*Problem description*.
Line by line, retype the material exactly and leave each picture out.

*Data provided*.

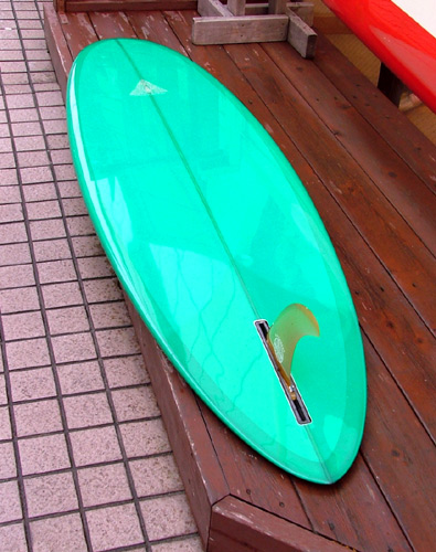 面白いユーズドボードがやってきました。JTサーフボードのカルマです。なにが面白いかっていいますと長さが6’8”あるところ。最初は長すぎるって断られたらしいですが…
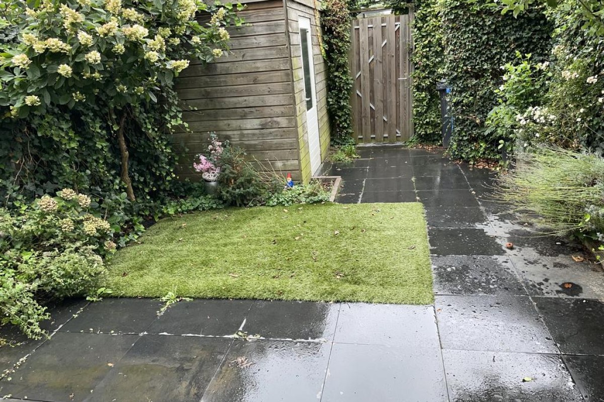 Deze woning heeft een voor- én achtertuin. De voortuin grenst aan het water en heeft genoeg ruimte voor een bankje om van het zonnetje te genieten. De achtertuin ligt op het westen en heeft volop zon.
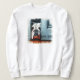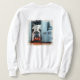 A white English Bulldog peeks his head through a slightly ajar door, his eyes full of mischief and a hint of challenge as if he’s telling his human, “Make me.” This playful and endearing image will be featured on a woman’s sweatshirt. The current typography can be changed and customized to your specifications, making it a perfect gift or personal keepsake.
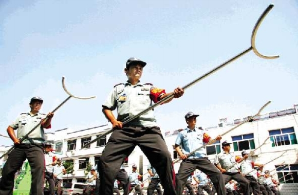 8月29日,德州市德城区保安大队150名队员,为了加强幼儿园和中小学的安保工作,顶着烈日进行钢叉十二式演练。

*Solution to this exercise*.
 面白いユーズドボードがやってきました。JTサーフボードのカルマです。なにが面白いかっていいますと長さが6’8”あるところ。最初は長すぎるって断られたらしいですが…
 Deze woning heeft een voor- én achtertuin. De voortuin grenst aan het water en heeft genoeg ruimte voor een bankje om van het zonnetje te genieten. De achtertuin ligt op het westen en heeft volop zon.
 A white English Bulldog peeks his head through a slightly ajar door, his eyes full of mischief and a hint of challenge as if he’s telling his human, “Make me.” This playful and endearing image will be featured on a woman’s sweatshirt. The current typography can be changed and customized to your specifications, making it a perfect gift or personal keepsake.
 8月29日,德州市德城区保安大队150名队员,为了加强幼儿园和中小学的安保工作,顶着烈日进行钢叉十二式演练。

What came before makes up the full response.